> **Exercise details**:
Please give back word for word the lines of the material below between the line containing "Managementul clasei de elevii" and the line containing "在军训教官、各系教师和保卫人", inclusive.

> **Supplied records**:
++++++

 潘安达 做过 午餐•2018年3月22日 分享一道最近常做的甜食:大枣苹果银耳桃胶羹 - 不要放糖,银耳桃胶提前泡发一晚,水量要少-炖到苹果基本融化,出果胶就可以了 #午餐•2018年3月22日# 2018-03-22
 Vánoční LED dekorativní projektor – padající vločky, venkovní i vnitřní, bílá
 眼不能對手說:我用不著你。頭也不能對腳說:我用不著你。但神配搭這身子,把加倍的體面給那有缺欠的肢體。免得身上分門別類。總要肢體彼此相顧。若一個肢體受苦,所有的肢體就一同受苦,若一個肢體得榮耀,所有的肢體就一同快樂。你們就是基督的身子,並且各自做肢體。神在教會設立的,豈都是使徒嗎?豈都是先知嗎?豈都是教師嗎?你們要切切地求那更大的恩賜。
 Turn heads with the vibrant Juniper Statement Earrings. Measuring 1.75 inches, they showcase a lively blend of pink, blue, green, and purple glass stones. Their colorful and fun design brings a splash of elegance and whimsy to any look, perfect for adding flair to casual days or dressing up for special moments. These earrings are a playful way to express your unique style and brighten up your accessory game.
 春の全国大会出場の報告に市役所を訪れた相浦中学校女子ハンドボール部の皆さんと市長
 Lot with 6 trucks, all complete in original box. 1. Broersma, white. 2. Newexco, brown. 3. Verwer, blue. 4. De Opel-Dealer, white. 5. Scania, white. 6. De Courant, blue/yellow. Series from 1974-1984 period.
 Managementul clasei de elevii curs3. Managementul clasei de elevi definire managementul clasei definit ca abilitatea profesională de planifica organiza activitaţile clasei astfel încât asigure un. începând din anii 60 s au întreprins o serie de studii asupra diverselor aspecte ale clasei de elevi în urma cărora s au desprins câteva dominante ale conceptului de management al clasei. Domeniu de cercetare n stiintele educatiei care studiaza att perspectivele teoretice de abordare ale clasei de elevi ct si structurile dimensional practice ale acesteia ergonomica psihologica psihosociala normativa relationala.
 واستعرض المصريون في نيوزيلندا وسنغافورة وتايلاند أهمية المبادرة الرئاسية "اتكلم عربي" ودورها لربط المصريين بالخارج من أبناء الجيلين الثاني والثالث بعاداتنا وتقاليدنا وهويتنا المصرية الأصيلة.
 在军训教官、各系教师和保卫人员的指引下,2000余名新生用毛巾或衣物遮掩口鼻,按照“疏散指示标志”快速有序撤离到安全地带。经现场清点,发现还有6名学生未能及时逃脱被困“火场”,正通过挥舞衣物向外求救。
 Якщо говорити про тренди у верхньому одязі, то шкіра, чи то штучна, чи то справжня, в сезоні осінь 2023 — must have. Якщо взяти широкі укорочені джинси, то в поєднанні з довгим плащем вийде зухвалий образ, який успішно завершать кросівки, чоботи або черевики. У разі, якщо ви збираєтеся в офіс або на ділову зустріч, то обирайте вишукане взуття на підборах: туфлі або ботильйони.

++++++

> **Written response**:
 Managementul clasei de elevii curs3. Managementul clasei de elevi definire managementul clasei definit ca abilitatea profesională de planifica organiza activitaţile clasei astfel încât asigure un. începând din anii 60 s au întreprins o serie de studii asupra diverselor aspecte ale clasei de elevi în urma cărora s au desprins câteva dominante ale conceptului de management al clasei. Domeniu de cercetare n stiintele educatiei care studiaza att perspectivele teoretice de abordare ale clasei de elevi ct si structurile dimensional practice ale acesteia ergonomica psihologica psihosociala normativa relationala.
 واستعرض المصريون في نيوزيلندا وسنغافورة وتايلاند أهمية المبادرة الرئاسية "اتكلم عربي" ودورها لربط المصريين بالخارج من أبناء الجيلين الثاني والثالث بعاداتنا وتقاليدنا وهويتنا المصرية الأصيلة.
 在军训教官、各系教师和保卫人员的指引下,2000余名新生用毛巾或衣物遮掩口鼻,按照“疏散指示标志”快速有序撤离到安全地带。经现场清点,发现还有6名学生未能及时逃脱被困“火场”,正通过挥舞衣物向外求救。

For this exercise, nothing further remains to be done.